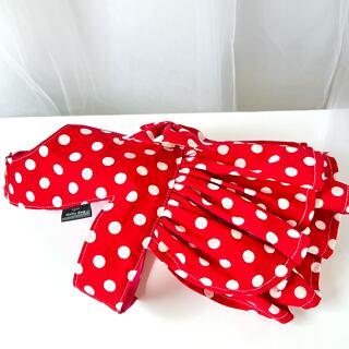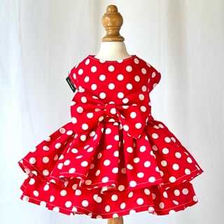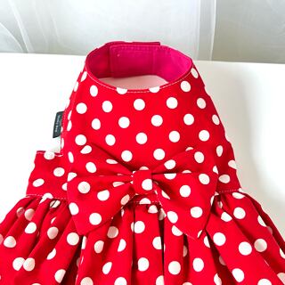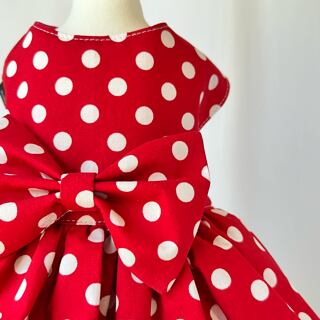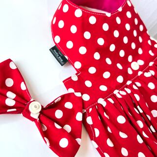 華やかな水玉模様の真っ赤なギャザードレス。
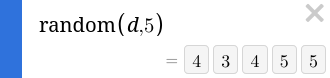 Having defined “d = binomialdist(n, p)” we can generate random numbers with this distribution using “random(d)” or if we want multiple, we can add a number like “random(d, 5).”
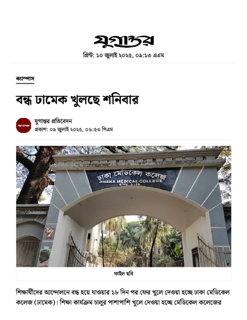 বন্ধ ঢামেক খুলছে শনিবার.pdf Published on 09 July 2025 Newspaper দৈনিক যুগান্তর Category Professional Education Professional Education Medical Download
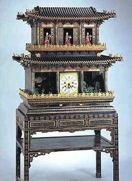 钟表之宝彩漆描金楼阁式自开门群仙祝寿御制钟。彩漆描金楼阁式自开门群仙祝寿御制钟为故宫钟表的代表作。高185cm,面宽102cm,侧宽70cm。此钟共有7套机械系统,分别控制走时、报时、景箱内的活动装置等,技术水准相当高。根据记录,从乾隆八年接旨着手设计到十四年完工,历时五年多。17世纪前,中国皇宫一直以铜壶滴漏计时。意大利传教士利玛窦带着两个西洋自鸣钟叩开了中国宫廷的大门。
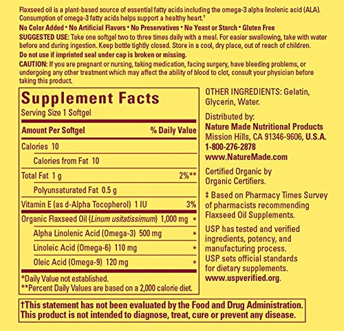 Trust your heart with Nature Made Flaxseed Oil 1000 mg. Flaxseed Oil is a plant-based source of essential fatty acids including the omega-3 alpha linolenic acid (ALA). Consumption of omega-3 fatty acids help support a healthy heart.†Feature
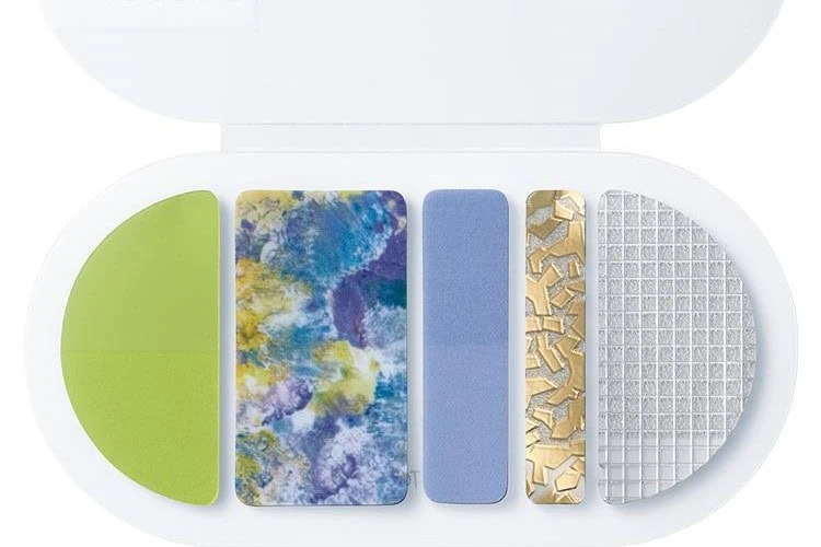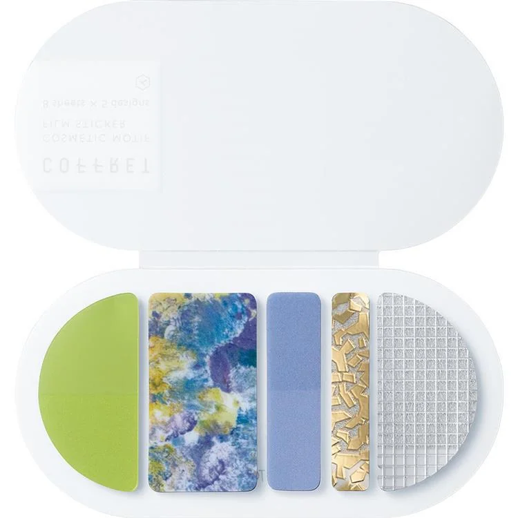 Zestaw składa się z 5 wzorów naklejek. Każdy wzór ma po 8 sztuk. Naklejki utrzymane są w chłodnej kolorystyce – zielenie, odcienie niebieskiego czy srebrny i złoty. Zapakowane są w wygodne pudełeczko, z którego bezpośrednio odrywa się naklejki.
────────
▶ Your goal: Make an exact copy of the lines above, beginning with the line with "钟表之宝彩漆描金楼阁式自开门" and ending with the line with "Trust your heart", and keep the pictures out of it.

▶ Task result:
 钟表之宝彩漆描金楼阁式自开门群仙祝寿御制钟。彩漆描金楼阁式自开门群仙祝寿御制钟为故宫钟表的代表作。高185cm,面宽102cm,侧宽70cm。此钟共有7套机械系统,分别控制走时、报时、景箱内的活动装置等,技术水准相当高。根据记录,从乾隆八年接旨着手设计到十四年完工,历时五年多。17世纪前,中国皇宫一直以铜壶滴漏计时。意大利传教士利玛窦带着两个西洋自鸣钟叩开了中国宫廷的大门。
 Trust your heart with Nature Made Flaxseed Oil 1000 mg. Flaxseed Oil is a plant-based source of essential fatty acids including the omega-3 alpha linolenic acid (ALA). Consumption of omega-3 fatty acids help support a healthy heart.†Feature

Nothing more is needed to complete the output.